Third, the company raised equity despite having ample cash. At the time of the placement, net cash stood at RMB 4 billion, and borrowing costs were minimal. A cash-rich management team voluntarily selling shares at a discount at HKD 14 implies it considered that price at least fair value. Compared with my pipeline-inclusive fair value of HKD 16.3, that suggests management’s internal pipeline valuation is materially lower than external analysts’ numbers.
Fourth, there is the Evergrande receivable. The annual report discloses litigation related to an investment cooperation with Chengdu Evergrande, with a final court ruling of approximately RMB 167 million that remains uncollected. The amount is small, but it shows management was willing to expose company assets to real-estate-linked counterparties outside the core pharmaceutical business.
The key question is not only whether UBT251 can succeed. It is whether the value from that success will stay in per-share equity, or be redistributed through placements, stock-based compensation, and other capital allocation decisions.

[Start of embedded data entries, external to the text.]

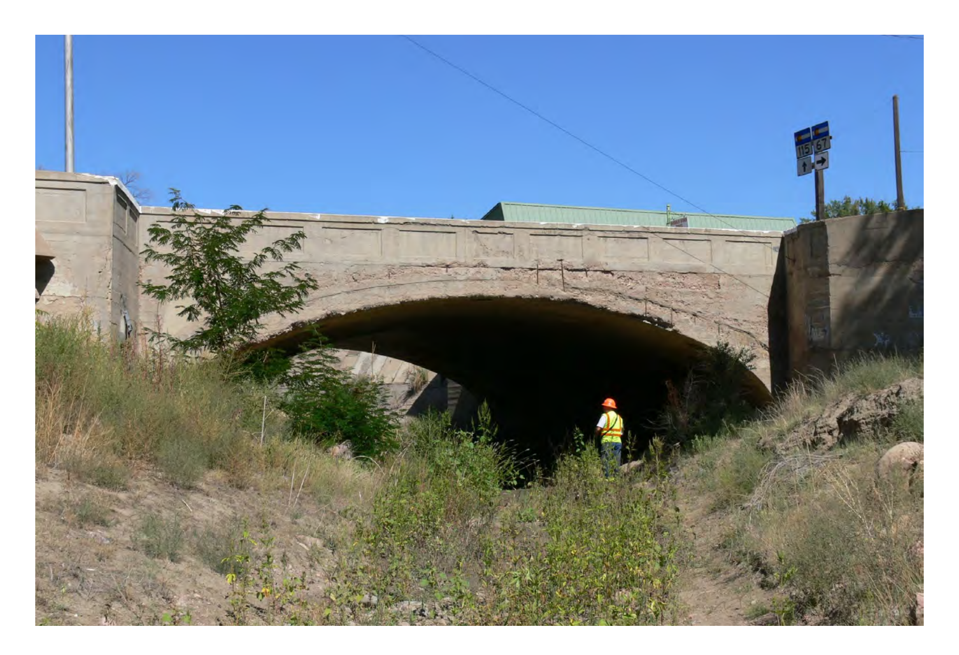
Main Street Bridge, Fremont County, State Highway 115, Concrete Arch Culvert
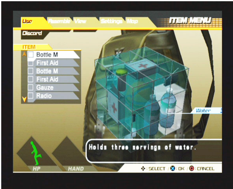
Figure 3. Inventory management is carried out by storing or removing items from Masayuki's backpack. This bag contains two plastic bottles each with three servings of fresh water.

impulse of perseverance or “ ganbaru ” that emerged as a rallying cry for Japan in the immediate aftermath of the quake.
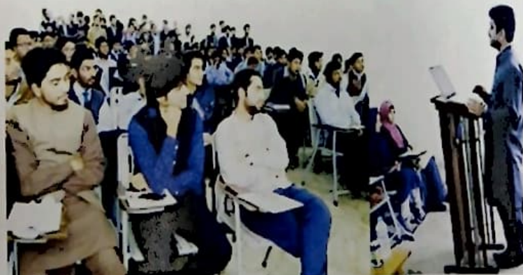
Seminar on Career Counseling

Stock Price Narrative: From HKD 2 to HKD 15 to HKD 8.7
In 2022-2023, the stock traded at HKD 2-3. That was not really about United’s fundamentals. 2023 net profit was about RMB 2.7 billion, implying a PE of only 1.5-2x. The Hong Kong market was in systemic collapse, hit by COVID lockdowns, China panic, and global rate hikes. Everything was priced at absurd levels. For United to trade there, two things had to happen at the same time: its own earnings cycle had to trough, and Hong Kong-wide valuations had to crash. That combination happens perhaps two or three times in twenty years.
From 2023 to 2025, the stock moved from HKD 2 to HKD 15. Hong Kong valuations normalized from extreme lows, with PE expanding from 1.5x to 6-8x. 6-APA entered a high-cycle phase, with prices rising from RMB 200 to RMB 300+. The March 2025 Novo deal added a powerful catalyst. Most of the rally was Hong Kong beta reversion, not United-specific alpha.

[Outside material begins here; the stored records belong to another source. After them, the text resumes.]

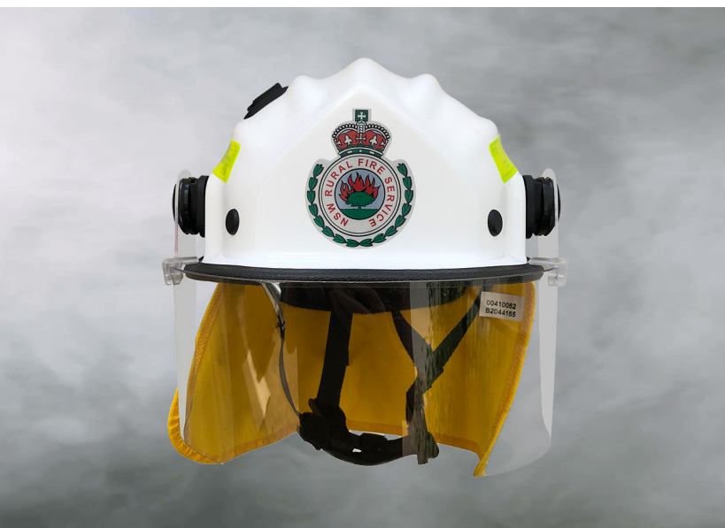
New BR9 helmet

The Trustees have agreed to provide funding of at least $36 million to this project.
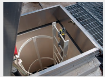
ROOF ACCESS HATCHES
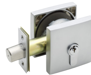
SMOOTH SQUARE DEADBOLT DOUBLE CYLINDER PICTURED FINISH Satin Chrome PART NUMBER 1851SM AVAILABLE FINISHES SC, MB, BC.

From 2025 to 2026, the stock fell from HKD 15 to HKD 8.7 because the narrative broke. The March 2026 profit warning showed that 2025 net profit of RMB 2.09 billion included RMB 1.44 billion of one-time Novo license fee income. Strip that out, and core operating profit was only RMB 700 million. Intermediate segment profit fell 79.4%, and API segment profit fell 53.4%. The market abruptly realized that United’s profit engine is 6-APA, a commodity chemical, not insulin and not innovative drugs. The innovation premium disappeared, and the stock repriced to operating asset fair value.
Total Valuation
The sum of the parts is straightforward: upstream plus intermediates at RMB 5.5 billion, finished drugs at RMB 6.5 billion, the equity bridge at RMB 2.8 billion, and the pipeline at RMB 13 billion. That gives a total of RMB 27.8 billion, or about HKD 16.3 per share.
The current share price of HKD 8.72 is basically operating asset fair value plus zero pipeline value.

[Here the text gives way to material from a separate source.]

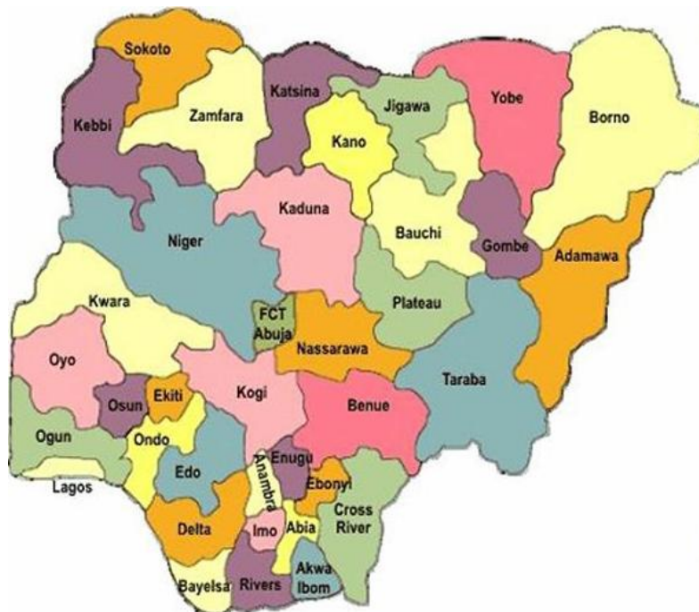
Fig. 1. Map of Nigeria showing the States of the Federation and the Federal Capital Territory (FCT)

Nigeria is a multi-ethnic federation divided in 1996 into 36 states and the federal capital territory at Abuja (Figure 1). There are over 350 ethno-linguistic groups with an estimated population growth of 140 million and an annual population growth of 2.8% (Federal Republic of Nigeria Gazette, 2007). As part of an ongoing project on heredity and the sense of taste of the Nigerian population, this study was undertaken to investigate the distribution and frequency of PTC taster and non taster alleles in the Nigerian population. This is expected to generate a database and provide an understanding on the distribution of this genetic trait among Nigerians. It will also extend current knowledge on how variable Nigerians are genetically, in terms of taste perception.

If you believe the UBT251 pipeline is worth RMB 13 billion on a probability-weighted basis, the current price implies 87% upside. If the pipeline is ultimately worth zero, you are buying at operating asset fair value with limited downside: HKD 7-9 in normal conditions, HKD 7 in a mild downturn, and HKD 5-6 in an extreme single-event scenario.
The core bet is not on the operating assets. Those are already fairly priced. The bet is whether the 2027 Novo global Phase 1b/2a data and United’s China Phase III will deliver. Until then, a sustainable 3-4% dividend yield is a holding subsidy, not a reason to buy.
Disclaimer: This article does not constitute investment advice. The author may or may not hold positions in the securities mentioned. All valuations are based on public information and subjective judgment. Actual outcomes may differ materially from expectations.